Read El guerrero de Gor Online
Authors: John Norman
Esta suposición de mi padre me parecía fundamentada. ¿Acaso la tecnología del sobre, la desconexión de mi brújula y la extraña aeronave no parecían confirmar que aquí actuaban seres con poderes extraordinarios?
—Los Reyes Sacerdotes —me dijo— tienen su Lugar Sagrado en las Montañas Sardar, un desierto en el que nadie puede internarse. Para la gran mayoría, el Lugar Sagrado es tabú. Hasta ahora nadie ha regresado de esas montañas.
Mi padre parecía mirar al vacío.
—Ha habido casos de idealistas y rebeldes que hallaron la muerte en las pendientes heladas de los Montes. Si uno desea aproximarse debe ir a pie, pues nuestros animales no se atreven a acercarse al lugar. Miembros de los cuerpos de algunas personas que habían buscado refugio allí se encontraron en las llanuras, como pedazos de carne arrojados para alimento de los animales de rapiña desde una distancia inconcebible.
Mi mano agarró el jarro con cierta vehemencia.
—A veces —prosiguió—, algún anciano se pone en camino hacia las Montañas para encontrar allí el secreto de la inmortalidad. Pero nadie ha regresado jamás. Algunos afirman que llegan a ser Reyes Sacerdotes, pero yo más bien creo que querer averiguar su misterio significa una muerte segura.
A continuación, mi padre me explicó las leyendas que circulaban acerca de los Reyes Sacerdotes, y me enteré que, al menos en un aspecto, eran los verdaderos dioses del planeta, ya que podían aniquilar o controlar todo lo que deseaban. Según rezaba la opinión general no se les escapaba nada de lo que ocurría en el planeta, pero si esto era cierto apenas parecían percatarse de ello, como pude enterarme después. Según decían, tendían hacia la santidad y en su recogimiento íntimo no se podían ocupar de las nimiedades del mundo exterior. Esta suposición, por cierto, no me parecía estar de acuerdo con el terrible destino que aguardaba a todos aquellos que escalaban las Montañas Sardar. Me costaba imaginar a un santo espiritualizado que sale un momento de su estado contemplativo para despedazar a un intruso y dispersar sus restos sobre la llanura.

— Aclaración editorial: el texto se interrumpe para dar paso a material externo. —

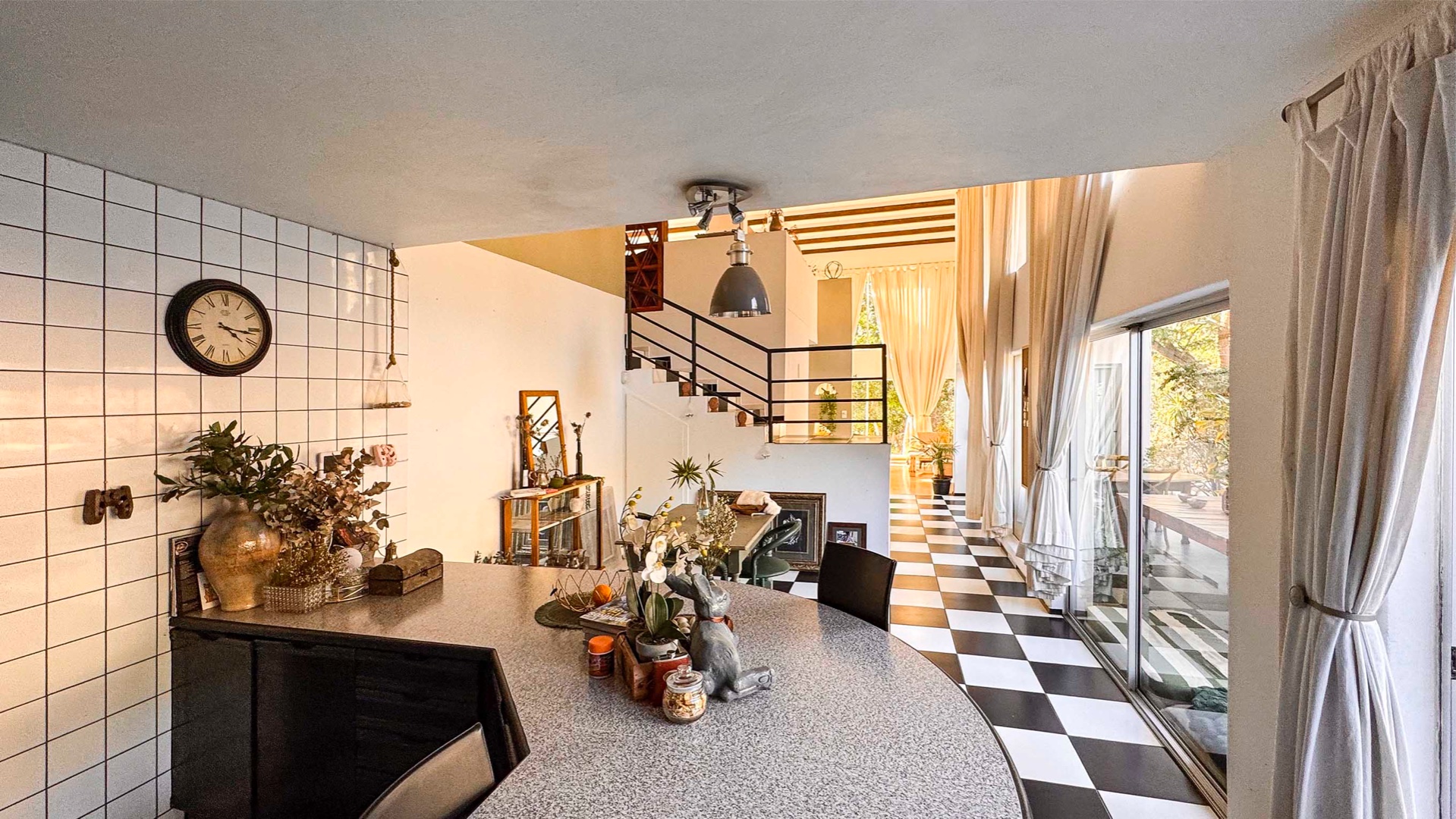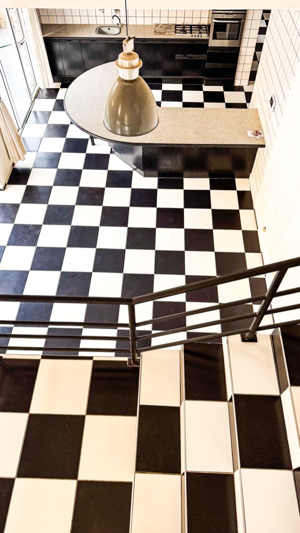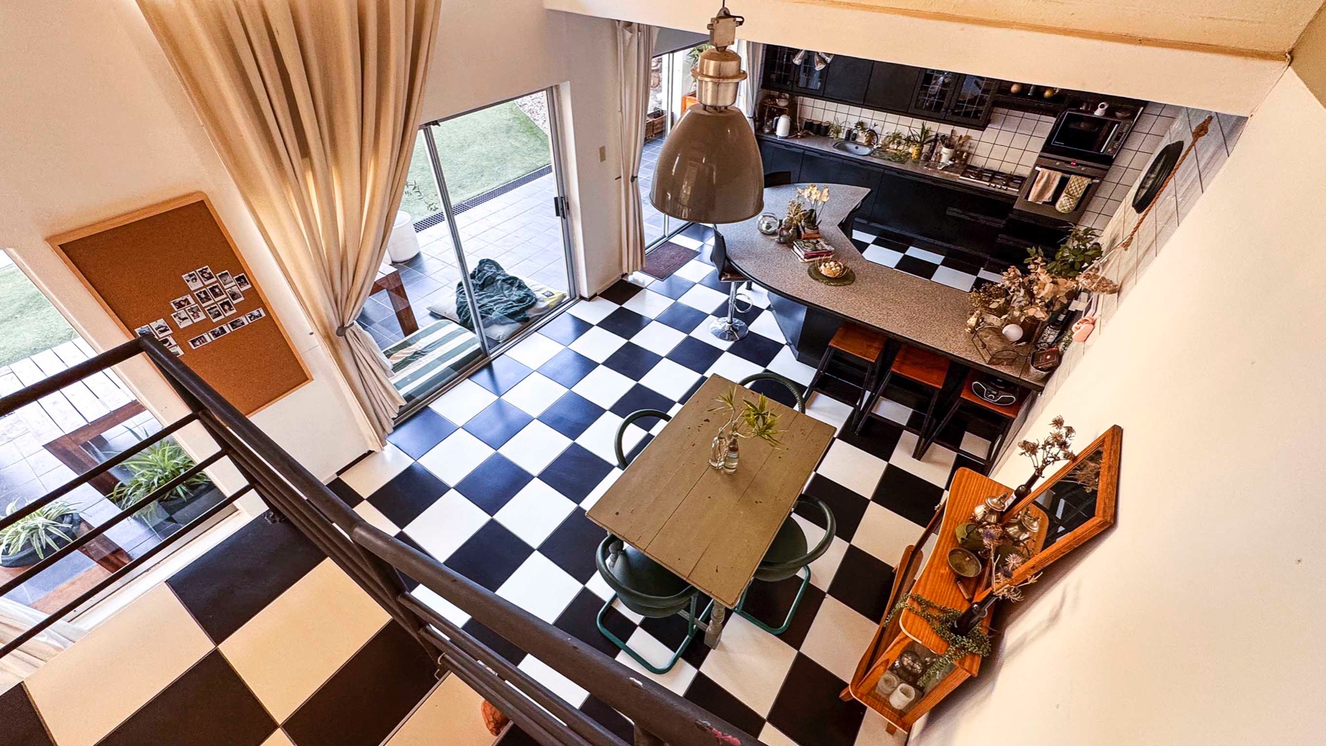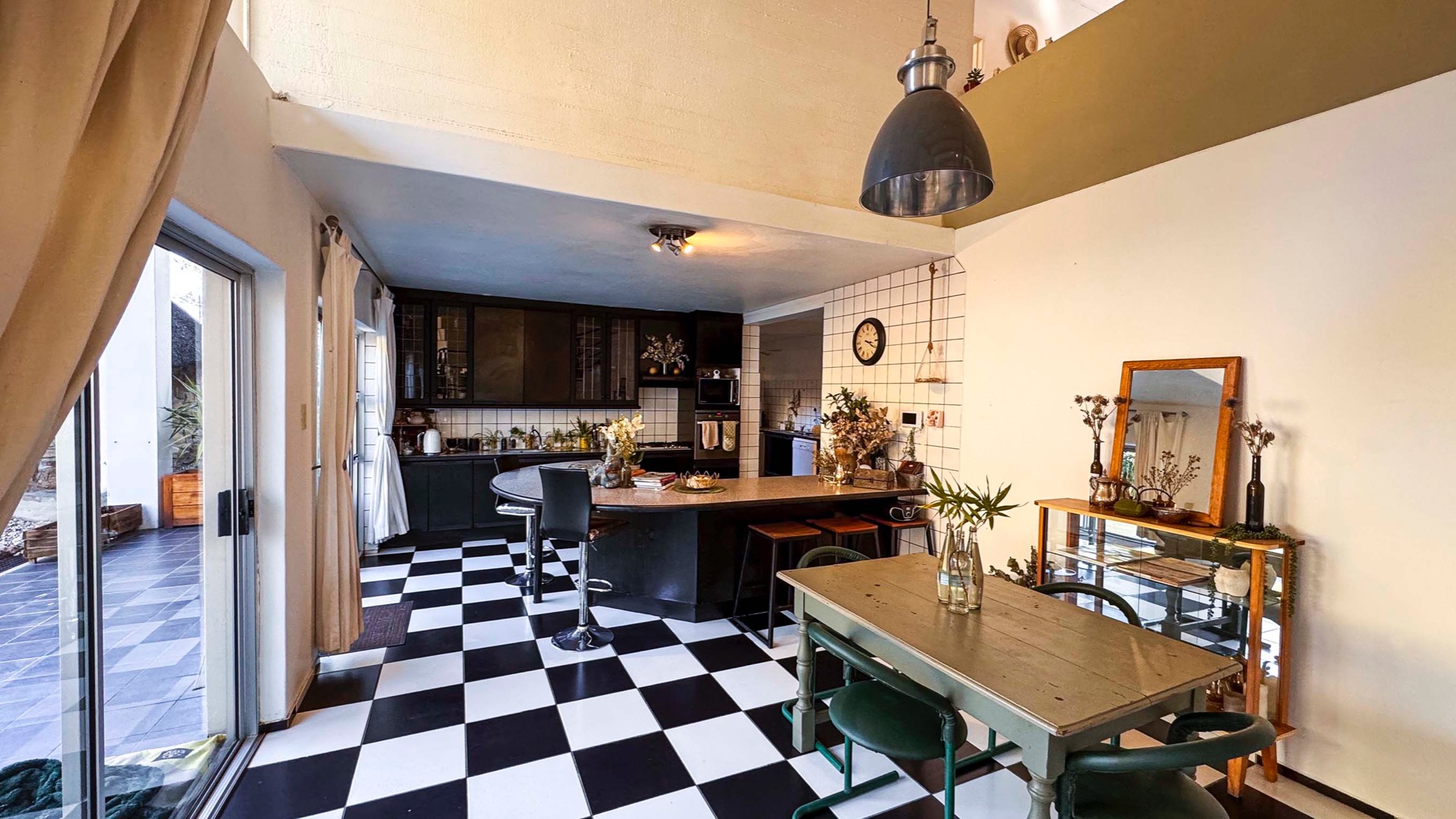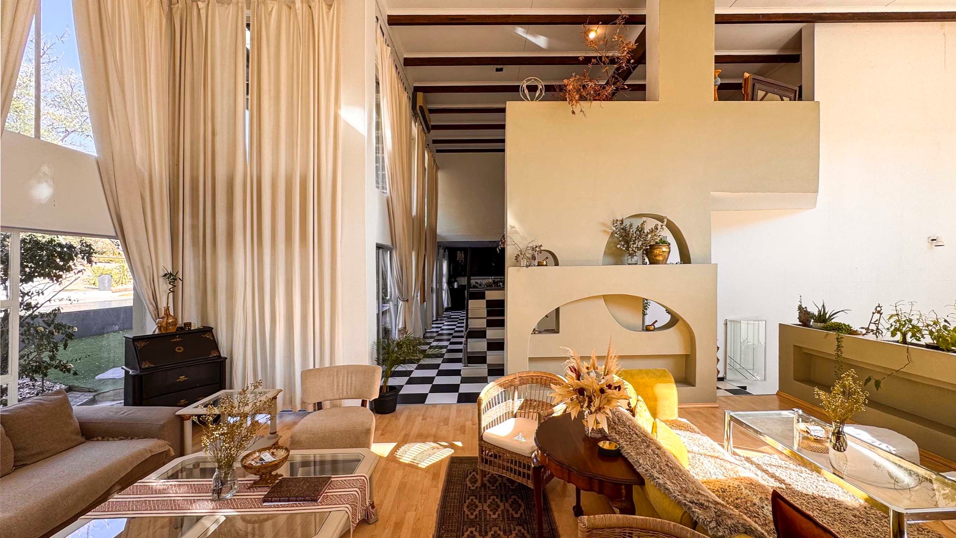 Step inside and feel the warm, rustic charm of the double-volume ceiling with its exposed wooden beams, a striking feature that elevates the home's unique character. Below, elegant black-and-white check tiles flow seamlessly through the living spaces, creating a timeless and sophisticated feel.

—Existe, sin embargo, un área —dijo mi padre— por la cual los Reyes Sacerdotes muestran sumo interés: la tecnología. Ellos limitan, mediante intervenciones activas, nuestro desarrollo en esta área. Resulta increíble, pero las armas más poderosas que nos permiten utilizar a nosotros, los cismontanos, que vivimos a la sombra de las Montañas, son la lanza y la ballesta. Aparte de esto no existen medios mecánicos de transporte o de comunicación o dispositivos de detección, como por ejemplo el radar, sin los cuales resulta imposible imaginar la vida militar en la Tierra.
»Por otra parte, nosotros los mortales, los cismontanos, hemos evolucionado mucho en cuanto a áreas como iluminación, construcción de ciudades, agricultura y medicina —me miró divertido—. Seguramente te habrás interrogado por qué esas numerosas lagunas en nuestra tecnología no fueron llenadas pasando por alto a los Reyes Sacerdotes. Sería extraño que no hubiera mentes en este mundo capaces de inventar algo así como un fusil o un tanque.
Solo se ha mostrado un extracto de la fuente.